The benefits of data augmentation for training deep learning models are well documented in a variety of tasks, including image recognition [19, 22, 23] and regression problems [11, 21]. Data augmentation acts to artificially increase the size and variance of a given training dataset by adding transformed copies of the training examples. This is particularly evident in the context of medical imaging, where data augmentation is used to combat class imbalance [9], increase model generalization [10, 17], and expand training data [8, 26]. This is usually done with transformations to the input image that are determined based on expert knowledge and cannot be easily transferred to other problems and domains. In ultrasound, this usually manifests as data augmentation strategies consisting of small rotations, translations and scalings [1]. However, whilst it is appealing to base augmentation strategies on “expected” variations in input image presentation, recent work has found that other augmentation strategies that generate “unrealistic looking” training images [18, 23] have led to improvements in generalization capability. There has therefore been great interest in developing data augmentation strategies to automatically generate transformations to images and labels that would lead to the greatest performance increase in a neural network model. In this paper, inspired by the RandAugment [6] augmentation search policy, we automatically look for augmentation policies that outperform standard augmentation strategies in ultrasound imaging based on prior knowledge and extend our algorithm to include mixed-example data augmentation [23] in the base policy search. We evaluate the proposed method on second-trimester fetal ultrasound plane detection, and find that a randomly initialized network with our augmentation policy achieves performance competitive with methods that require external labelled data for network pre-training and self-supervised methods. We also evaluate our method on a fine-tuning a pre-trained model, and find that using an optimized augmentation policy during training improves final performance.

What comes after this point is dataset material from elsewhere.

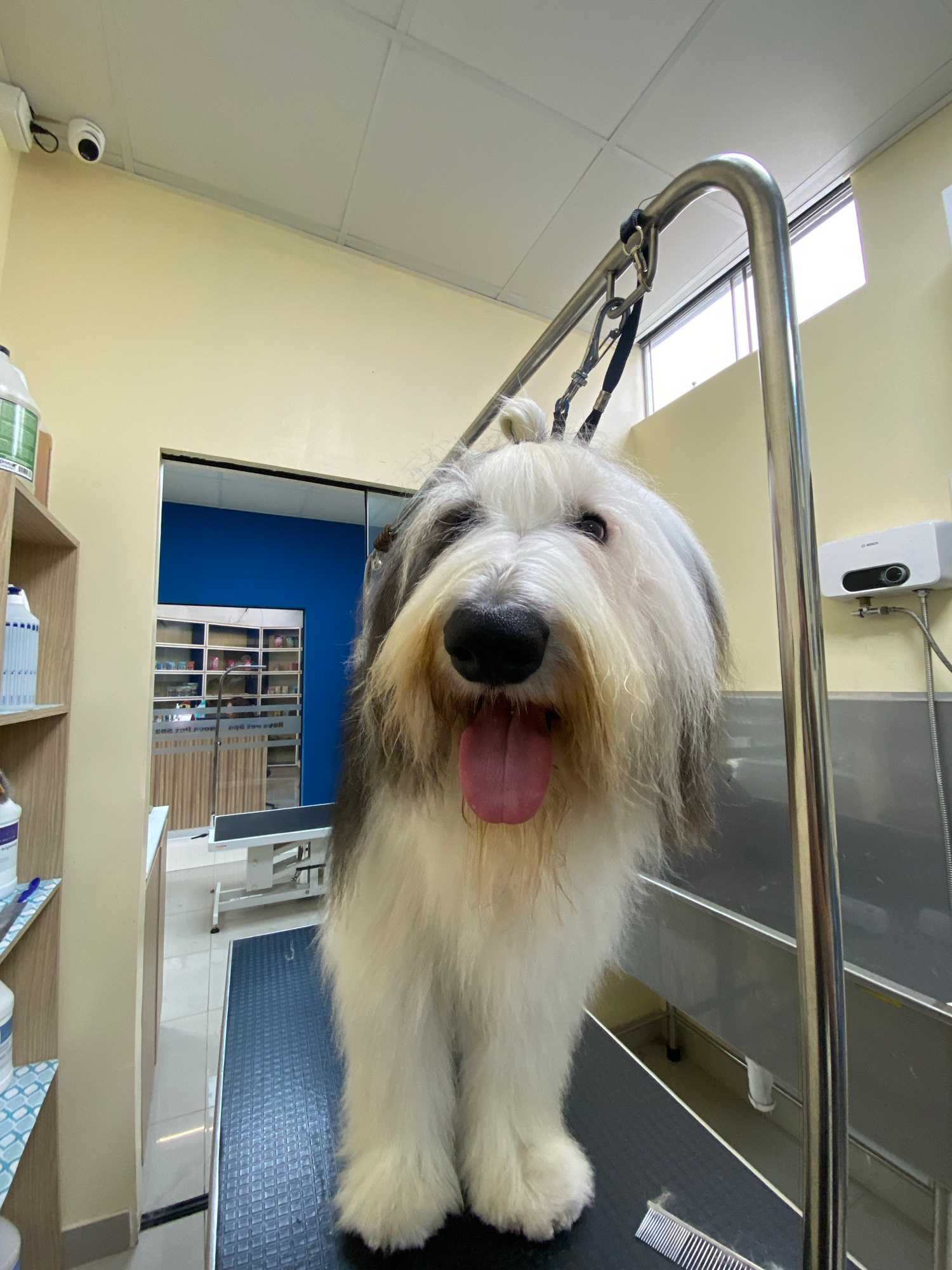 The image shows an Old English Sheepdog panting on a grooming table with a restraint bar above. The dog is white and gray with a black nose and pink tongue. A metal comb is visible on the table next t…read more

Contributions: Our contributions are three fold: 1) We investigate the use of an augmentation search policy with hyperparameters that does not need expensive reinforcement learning policies and can be tuned with simple grid search; 2) We extend this augmentation search policy to combinations that include mixed-example based data augmentation and include common medical imaging transformations; 3) We explain the performance of optimal augmentation strategies by looking at their affinity, diversities and effect on final model performance.

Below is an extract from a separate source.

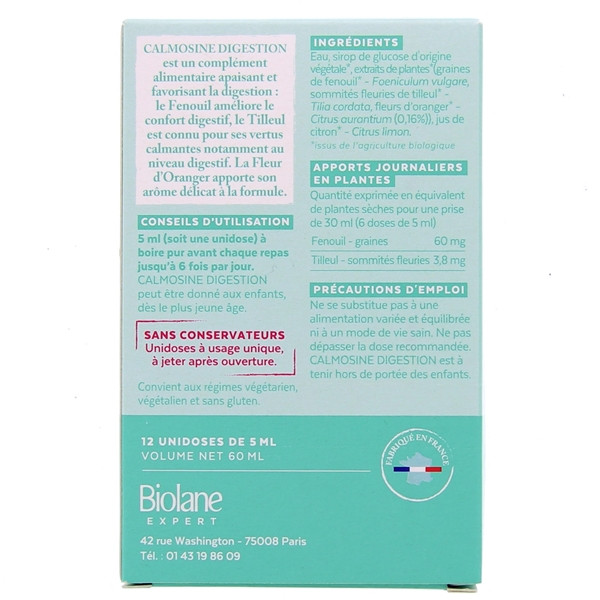 Calmosine Digestion est une boisson apaisante aux extraits de plantes bio, dont le fenouil et le tilleul, pour favoriser la digestion. Ce complément alimentaire est utilisable dès le plus jeune âge.

Related Work: Medical image datasets are difficult and expensive to acquire. There has therefore been previous work that seeks to artificially expand the breadth of training data available in medical image classification [10, 15], segmentation [9, 20] and regression [8].

Original Data Manipulation: Zeshan et al. [15] evaluate the performance of eight different affine and pixel level transformations by training eight different CNNs for predicting mammography masses and find that ensembling the trained models improves the classification performance significantly. Nalepa et al. [20] elastically deform brain MRI scans using diffeomorphic mappings and find that tumour segmentation is improved. However, in the above works, specific augmentations and parameters are selected arbitrarily and are task and modality dependent. In contrast, we propose an automated augmentation policy search method that can out perform conventional medical imaging augmentation baselines.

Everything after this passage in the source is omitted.